System of mathematical set theory

In set theory, a semiset is a proper class that is a subclass of a set. In the typical foundations of Zermelo–Fraenkel set theory, semisets are impossible due to the axiom schema of specification.

The theory of semisets was proposed and developed by Czech mathematicians Petr Vopěnka and Petr Hájek (1972). It is based on a modification of the von Neumann–Bernays–Gödel set theory; in standard NBG, the existence of semisets is precluded by the axiom of separation.

The concept of semisets opens the way for a formulation of an alternative set theory.
In particular, Vopěnka's Alternative Set Theory (1979) axiomatizes the concept of semiset, supplemented with several additional principles.

Semisets can be used to represent sets with imprecise boundaries. Novák (1984) studied approximation of semisets by fuzzy sets, which are often more suitable for practical applications of the modeling of imprecision.

== Vopěnka's alternative set theory ==

Vopěnka's "Alternative Set Theory" builds on some ideas of the theory of semisets, but also introduces more radical changes: for example, all sets are "formally" finite, which means that sets in AST satisfy the law of mathematical induction for set-formulas (more precisely: the part of AST that consists of axioms related to sets only is equivalent to the Zermelo–Fraenkel (or ZF) set theory, in which the axiom of infinity is replaced by its negation). However, some of these sets contain subclasses that are not sets, which makes them different from Cantor (ZF) finite sets and they are called infinite in AST.

The following axioms hold for sets.

- Extensionality - Sets with the same elements are the same.
- Empty set: ∅ exists.
- Successor: For any sets $x$ and $y$, $x \cup \{y\}$ exists.
- Induction: Every formula $\phi$ expressed in the language of sets only (all parameters are sets and all quantifiers are restricted to sets) and true of ∅ and true of $x \cup \{y\}$ if it is true of $x$ is true of all sets.
- Regularity: Every set has an element disjoint from it.

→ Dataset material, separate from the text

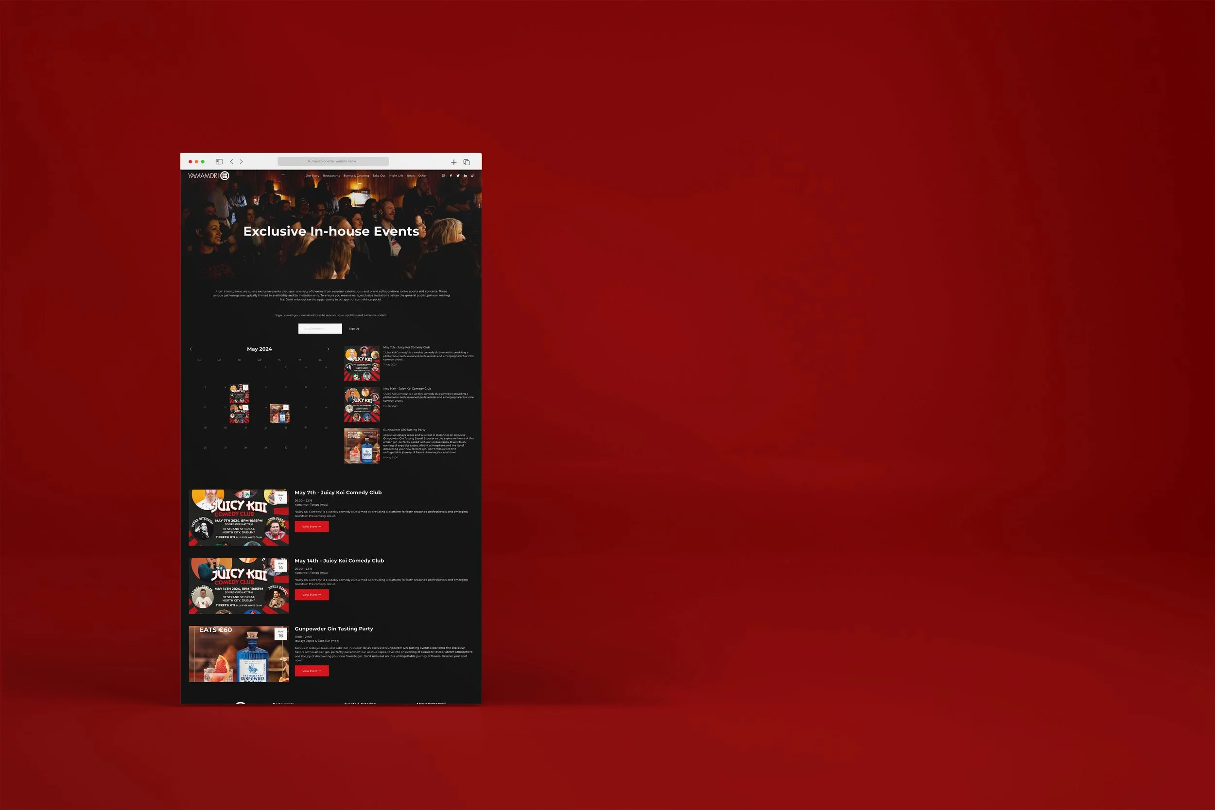 Yamamori Kigyo comprises a trio of Japanese restaurants in Dublin, Ireland. With three dynamic locations across Dublin: North City, South City, and Izakaya Japas & Sake, Yamamori offers a diverse range of dining experiences and exciting nightlife options. As the manager of their social media accounts, I created engaging campaigns, organized competitions, and produced compelling content for event promotions across various platforms. Additionally, I contributed to the design of their website, wrote blog posts, and optimized booking systems for seamless customer experiences. A selection of the marketing work I have produced for Yamamori can be seen below.

The following axioms hold for all classes.

- Existence of classes: If $\phi (x)$ is any formula, then the class $\phi (x)$ of all sets x such that $\phi (x)$ exists. (The set $x$ is identified with the class of elements of $x$.) Note that Kuratowski pairs of sets are sets, and so we can define (class) relations and functions on the universe of sets much as usual.
- Extensionality for classes: Classes with the same elements are equal.
- Axiom of proper semisets: There is a proper semiset.
- Prolongation axiom: Each countable function F can be extended to a set function.
- Axiom of extensional coding: Every collection of classes which is codable is extensionally codable. Vopenka considers representations of superclasses of classes using relations on sets. A class relation R on a class A is said to code the superclass of inverse images of elements of A under R. A class relation R on a class A is said to extensionally code this superclass if distinct elements of A have distinct preimages.
- Axiom of cardinalities: If two classes are uncountable, they are the same size.